Malgré une requête déposée auprès de la Haute Cour demandant qu’une ordonnance provisoire soit émise retardant la nomination de nouveaux rabbins de la ville par le changement que Kahana a apporté à l’électorat, la Cour suprême a décidé de donner le feu vert au sous-ministre pour aller de l’avant dans le programme.

Depuis que Matan Kahana a pris ses fonctions de ministre des Religions (plus tard sous-ministre des Religions), ce membre du parti « Yamina » a tenté d’apporter de nombreux changements, notamment en modifiant la composition de l’organe qui élit les rabbins de la ville. Kahana a décidé de ne pas le faire par le biais d’une législation à la Knesset, mais par la signature de décrets. JDN News rapporte que la Haute Cour a interdit une action similaire de l’ancien ministre des Religions Yits’hak Cohen (Shas), sous prétexte qu’un tel changement nécessite une législation et non la signature de décrets, mais ce soir (lundi) il s’avère que la même Haute Cour approuve la décision de Kahana… Deux poids, deux mesures.

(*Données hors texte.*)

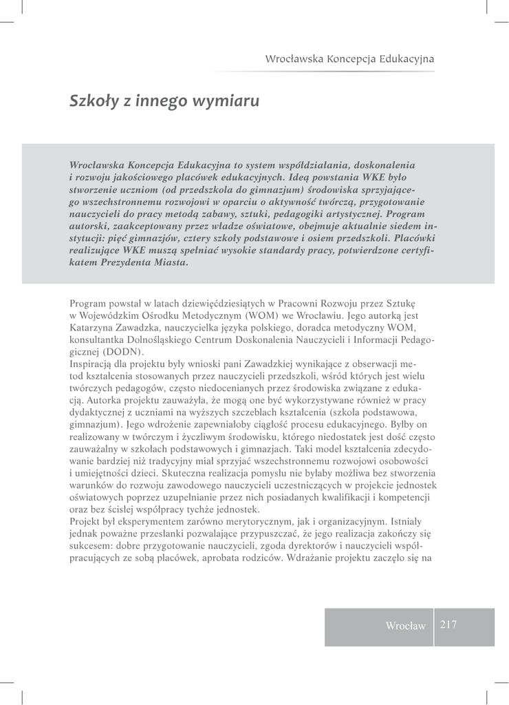 Wrocławska Koncepcja Edukacyjna Szkoły z innego wymiaru Wrocławska Koncepcja Edukacyjna to system współdziałania, doskonalenia i rozwoju jakościowego placówek edukacyjnych. Ideą powstania WKE było stworzenie uczniom (od przedszkola do gimnazjum) środowiska sprzyjającego wszechstronnemu rozwojowi w oparciu o aktywność twórczą, przygotowanie nauczycieli do pracy metodą zabawy, sztuki, pedagogiki artystycznej. Program autorski, zaakceptowany przez władze oświatowe, obejmuje aktualnie siedem instytucji: pięć gimnazjów, cztery szkoły podstawowe i osiem przedszkoli. Placówki realizujące WKE muszą spełniać wysokie standardy pracy, potwierdzone certyfikatem Prezydenta Miasta. Program powstał w latach dziewięćdziesiątych w Pracowni Rozwoju przez Sztukę w Wojewódzkim Ośrodku Metodycznym (WOM) we Wrocławiu. Jego autorką jest Katarzyna Zawadzka, nauczycielka języka polskiego, doradca metodyczny WOM, konsultantka Dolnośląskiego Centrum Doskonalenia Nauczycieli i Informacji Pedagogicznej (DODN). Inspiracją dla projektu były wnioski pani Zawadzkiej wynikające z obserwacji metod kształcenia stosowanych przez nauczycieli przedszkoli, wśród których jest wielu twórczych pedagogów, często niedocenianych przez środowiska związane z edukacją. Autorka projektu zauważyła, że mogą one być wykorzystywane również w pracy dydaktycznej z uczniami na wyższych szczeblach kształcenia (szkoła podstawowa, gimnazjum). Jego wdrożenie zapewniałoby ciągłość procesu edukacyjnego. Byłby on realizowany w twórczym i życzliwym środowisku, którego niedostatek jest dość często zauważalny w szkołach podstawowych i gimnazjach. Taki model kształcenia zdecydowanie bardziej niż tradycyjny miał sprzyjać wszechstronnemu rozwojowi osobowości i umiejętności dzieci. Skuteczna realizacja pomysłu nie byłaby możliwa bez stworzenia warunków do rozwoju zawodowego nauczycieli uczestniczących w projekcie jednostek oświatowych poprzez uzupełnianie przez nich posiadanych kwalifikacji i kompetencji oraz bez ścisłej współpracy tychże jednostek. Projekt był eksperymentem zarówno merytorycznym, jak i organizacyjnym. Istniały jednak poważne przesłanki pozwalające przypuszczać, że jego realizacja zakończy się sukcesem: dobre przygotowanie nauczycieli, zgoda dyrektorów i nauczycieli współpracujących ze sobą placówek, aprobata rodziców. Wdrażanie projektu zaczęło się na Wrocław 217 dobre w 2001 roku. Jego istota polegała na stworzeniu uczniom (od przedszkola do gimnazjum) sprzyjającego środowiska aktywności twórczej. Zapewnić je mieli nauczyciele przygotowani do pracy metodą zabawy i sztuki oraz pedagogiki artystycznej. Cele programu to: wspieranie holistycznego rozwoju wychowanków i postawy otwarcia na świat - od inspiracji, przez twórczość aż po kreację, stworzenie systemu ciągłości kształcenia w kontakcie ze sztuką, środowiskiem przyrodniczym i społecznym, integracja i promocja środowiska nauczycielskiego. Powstała Rada Programowa oraz reprezentująca ją Kapituła. Każda z placówek powołała lidera WKE. Opracowano zestaw dokumentów, które określają formalną stronę działań: standardy edukacyjne oraz arkusze monitoringu, zasady współpracy placówek oświatowych (dokumenty umieszczono na stronie internetowej www.wke.edu.pl). Powołano komisję akredytacyjną, która decyduje o włączeniu do systemu nowych placówek. Od inspiracji do kreacji Rada Programowa WKE oraz powstałe w 2005 roku Stowarzyszenie na Rzecz Rozwoju Dzieci i Młodzieży pełnią funkcję wspierającą nauczycieli przekonanych o konieczności ciągłej modyfikacji swojego warsztatu. Organizują ich doskonalenie, promują dobre praktyki oraz pozyskują środki finansowe. We wrześniu 2006 roku Rada Programowa i Stowarzyszenie oraz Wydział Edukacji Urzędu Miasta zorganizowali we Wrocławiu ogólnopolską konferencję edukacyjną „Od inspiracji do kreacji". Tytuł ten obrazuje charakter naszych działań. Głównym celem spotkania było dzielenie się doświadczeniami, stworzenie sieci współpracy w wymiarze regionalnym i ogólnopolskim. Konferencja adresowana była do środowiska edukacyjnego, władz samorządowych wielkich miast Polski, z udziałem przedstawicieli władz oświatowych, świata kultury oraz uczelni wyższych. Akademia Rozwoju dla zainteresowań i pasji uczniów Nieodzownym warunkiem rozwoju każdej placówki jest odpowiednia postawa nauczycieli: zaangażowanie, poszukiwanie niekonwencjonalnych rozwiązań oraz świadomość wartości twórczego warsztatu zawodowego. Nauczyciele WKE intensywnie się doskonalą. Mocną stroną są kreatywni dyrektorzy oraz niewymuszona chęć współpracy. Pedagogów połączyła wspólna pasja, co zaowocowało wieloma pomysłami, wśród których jednym z najcenniejszych jest Akademia Rozwoju. Akademia ma wzbudzać ciekawość świata oraz zainteresowanie młodzieży różnymi formami aktywności. Jeżeli młodzi ludzie potrafią określić swoje pasje, umieją także zaplanować drogę swojej kariery i pożytecznie zagospodarować czas wolny, często są lepiej zmotywowani do nauki i dobrze funkcjonują w grupie rówieśniczej. W dorosłym życiu łatwiej określają swoje życiowe cele i wytrwalej dążą do ich osiągnięcia. 218 Wrocław Unia Metropolii Polskich Wrocławska Koncepcja Edukacyjna Adoptujemy zabytki. Fot. archiwum Urzędu Miasta Akademia Rozwoju to oferta zajęć pozalekcyjnych, niezwiązanych bezpośrednio z żadnym przedmiotem szkolnym, prowadzonych w atrakcyjny sposób. Oto przykłady niektórych propozycji zajęć: Katedra humanistów Leonardo (Gimnazja nr 12, 13, 14, 21) z modułami: Teatr animacji przedmiotu i przestrzeni, Od braci Lumiére do własnego filmu (z udziałem Zespołu ŻłobkowoPrzedszkolnego nr 3, Szkoły Podstawowej nr 51 i Gimnazjum nr 12), Tajemnice obrazów starych mistrzów, Mail-Art-School, Dyrygent przyszłości, Europa zaczyna się w moim

Il y a environ trois semaines, une requête a été déposée auprès de la Haute Cour contre la signature du décret par Kahana , pour geler la possibilité pour Kahana de nommer de nouveaux rabbins municipaux, conformément au règlement qu’il a signé. Mais il s’avère que la Cour suprême a décidé de ne pas accepter leur requête dans l’intervalle.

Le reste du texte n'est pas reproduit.